Would I be correct in hearing queer quotes when you use the word "progress"?
Dexios: I usually hear "fashions" when I read a Catholic social ethicist writing about progress. It is progress given the assumptions of a particular perspective, and (usually) given a lack of understanding of what was moving away. Again to return to my example of depracating pre-Vatican-II days when Catholics tried to become saints and, I would say, benefit society by becoming spirit--and the "progress" to an activist approach to society--what we have is not a movement from the less advanced to the more advanced but a fashion shift from something that has fallen out of favor to something that will presumably fall out of favor. And in this case, a step back.
Links: What do you mean?
Dexios: To borrow an image which Catholic author Peter Kreeft borrowed from C.S. Lewis, ancient ethics asked three ethical questions while modern ethics answers one (usually, but maybe two). To visualize these questions with the image of a fleet of ships at sea, the first question is how the ships can avoid bumping into each other, and this question is shared by ancient and modern ethics. The second question is how the ships can keep shipshape and maintain themselves inside, and even though this question cannot really be separated from the first question, only some modern ethics addresses it. The third question, which is the most important one, is why the ships are out at sea in the first place.

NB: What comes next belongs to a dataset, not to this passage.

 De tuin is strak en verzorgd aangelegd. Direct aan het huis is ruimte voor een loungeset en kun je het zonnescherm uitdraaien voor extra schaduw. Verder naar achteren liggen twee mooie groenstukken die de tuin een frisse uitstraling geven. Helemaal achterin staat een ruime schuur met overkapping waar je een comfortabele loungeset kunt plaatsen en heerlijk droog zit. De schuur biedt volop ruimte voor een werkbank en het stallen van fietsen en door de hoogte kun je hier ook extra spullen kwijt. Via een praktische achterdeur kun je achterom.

If we look at the depracated, Orthodox model of becoming saints and being Heavenly minded enough to be of earthly good, then on a proper understanding that approach is something that says something to answer each of these questions; on that count at least, it is robust. If we look at the activist model, then things are reduced to one question, how the ships can be kept from bumping into each other, perhaps forcibly. It does reasonably well given that narrowing of focus, but it only answers that one question.

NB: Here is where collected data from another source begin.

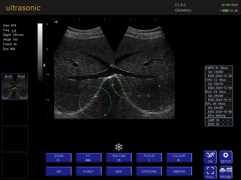 d) Obstetric: 43 measurements including gestational sac, double parietal diameter, head circumference, abdominal circumference, femur length, fibula length, head buttock diameter, yolk sac, abdomen, large and small brain, last menstruation, amniotic fluid, gestational age, expected date of delivery, fetal weight etc,With different ethnic measurement formulas
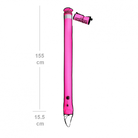 The over-pressure/dump valve releases the air automatically on ascent; by pulling the dump cord you can easily deflate the buoy on the surface.
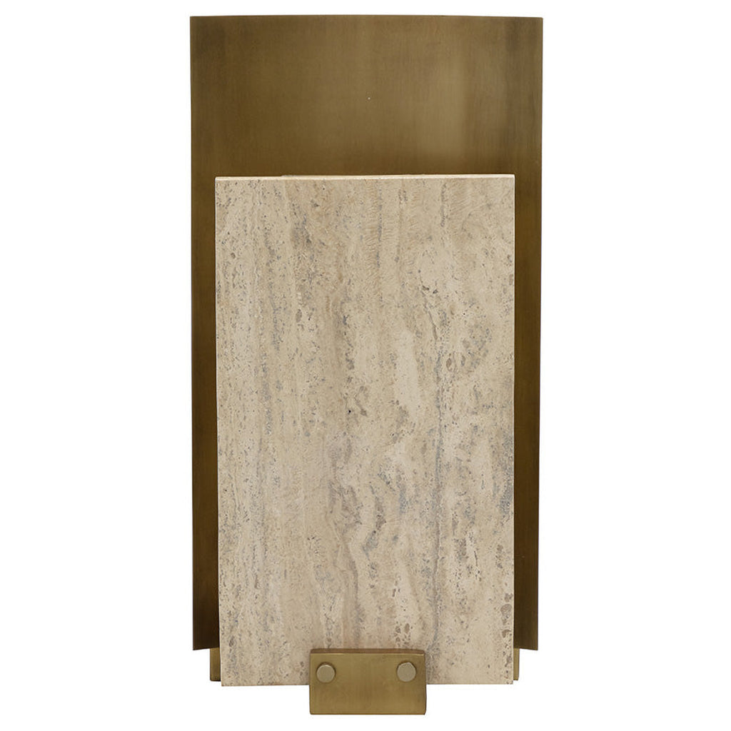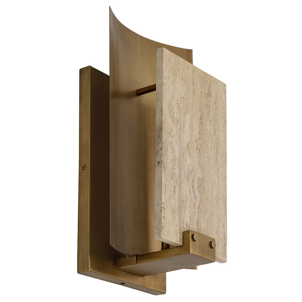 The Ciana Sconce embraces modern sophistication by bringing natural travertine and antique brass iron together. Using only a single bulb, the warm tones of travertine shine through to cast a stunning glow.

Now I would suggest that it is dubiously a moral advance to addressing three major questions to addressing one. Perhaps moral depth cannot always be settled by counting questions addressed, but this moral "advance" has been achieved by almost completely shutting off two out of three substantial questions. Which would appear to be not progress, but impoverishment.
Links: I think I can see how when you see the word "progress" you want to supply an English translation of "fashion". Or would you rather say "regress"?

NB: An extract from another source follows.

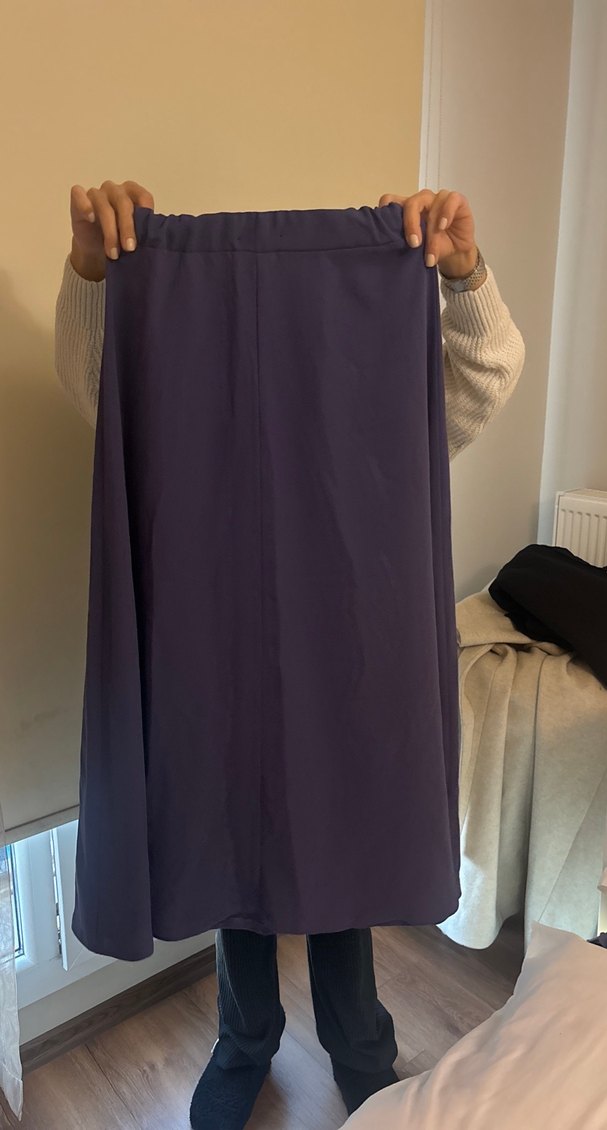 Mor renkte, midi boy uzunlukta ve drapeli tasarıma sahip bol kesim kadın eteği. Yumuşak sentetik kumaştan üretilmiş, sade ve rahat bir modeldir. Takım alt üst

Dexios: I don't want to analyze whether "regress" would be true, but I would rather speak of "fashion." When fashions shift, people go from emphasizing some things to others. People become sensitized to some things and blinded to others. And, perhaps, sometimes, there will be real regress some times and real progress others. But there is a tendency for a fashion to see its waxing popular as progress, and I wish people could have the ability to say, "Maybe this is progress, maybe this is regress, and maybe this is just a fashion shift that, like most fashion shifts, looks like genuine progress once you adopt its peculiar sharp sensitivities and its pecular blind spots." And no fashion shift is devoid of spirit, but if you are looking for where spirit is to be found, the house of fashion delivers less than it promises.
Links: It seems to me that Utopian dreams have never been fully realized but they have been realized somewhat, and that makes a big difference. You know that the wealthy nations may owe some of their wealth to oppression but some of it is due to the Utopian dreams of Adam Smith among others, who have discovered Midas's secret?